Data below
★ ★ ★ ★

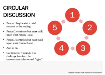 I adapted this protocol from Stephen Brookfield’s book, The Discussion Book: 50 Great Ways to Get People Talking (which I highly recommend!). Like the They Say, I Say protocol, Student A begins by sharing her opinion of the text. Student B must then respond by directly connecting to what Student A has already shared. Then Student C connects to Student B, and so on. Again, students must actively listen. I ask students to try to repeat this process for four rounds, which challenges students to broaden and deepen their conversation. Hint: It’s helpful to have a time limit for each student (30-60 seconds ) to keep the conversation moving.
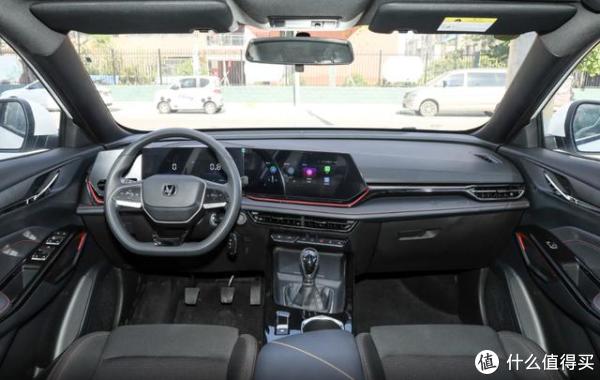 接下来我们再来欣赏内饰设计,不同车型版本所搭载的配置有所不同,因此中控台布局也略微有所区别,不过即便是入门级车型,也搭载了10.25英寸中控屏和彩色行车电脑显示屏,两块屏幕连接处带有一定夹角,虽说看起来不够高级,但参考它的售价之后好像没什么好挑剔的。不过低配版本的科技配置确实有些欠缺,从中高配车型开始才支持语音识别、车联网、OTA升级、手机APP控制等常规智能化配置,进一步提升用车便利性。
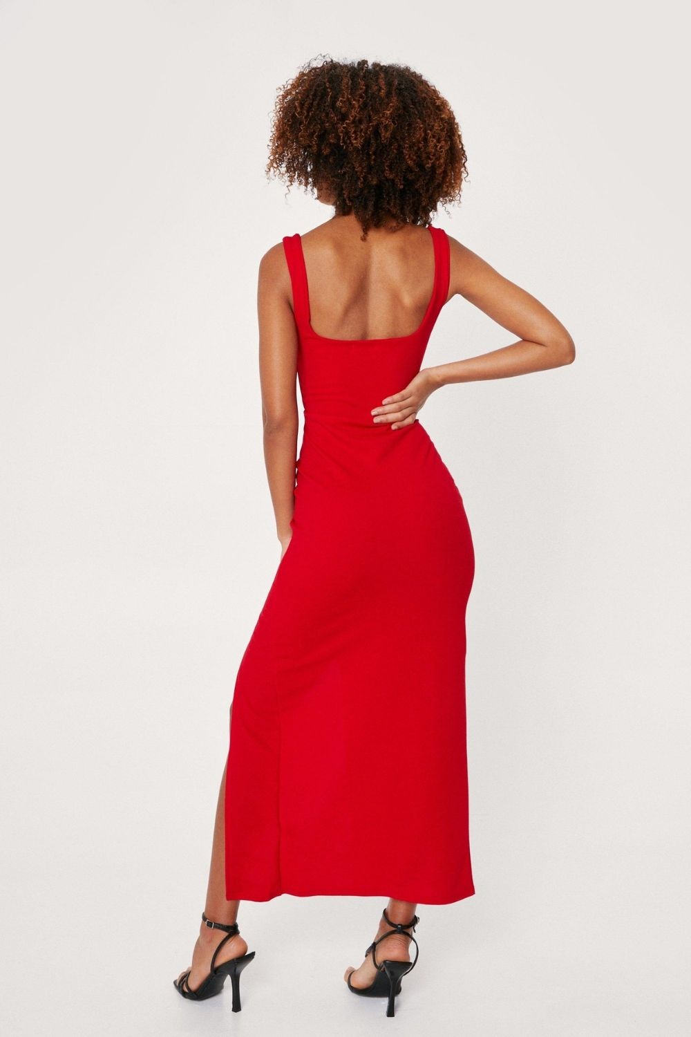 Square Neck Split Front Maxi Dress

★ ★ ★ ★

What to do
Return the listing verbatim, pictures excluded.

Output for this exercise
 I adapted this protocol from Stephen Brookfield’s book, The Discussion Book: 50 Great Ways to Get People Talking (which I highly recommend!). Like the They Say, I Say protocol, Student A begins by sharing her opinion of the text. Student B must then respond by directly connecting to what Student A has already shared. Then Student C connects to Student B, and so on. Again, students must actively listen. I ask students to try to repeat this process for four rounds, which challenges students to broaden and deepen their conversation. Hint: It’s helpful to have a time limit for each student (30-60 seconds ) to keep the conversation moving.
 接下来我们再来欣赏内饰设计,不同车型版本所搭载的配置有所不同,因此中控台布局也略微有所区别,不过即便是入门级车型,也搭载了10.25英寸中控屏和彩色行车电脑显示屏,两块屏幕连接处带有一定夹角,虽说看起来不够高级,但参考它的售价之后好像没什么好挑剔的。不过低配版本的科技配置确实有些欠缺,从中高配车型开始才支持语音识别、车联网、OTA升级、手机APP控制等常规智能化配置,进一步提升用车便利性。
 Square Neck Split Front Maxi Dress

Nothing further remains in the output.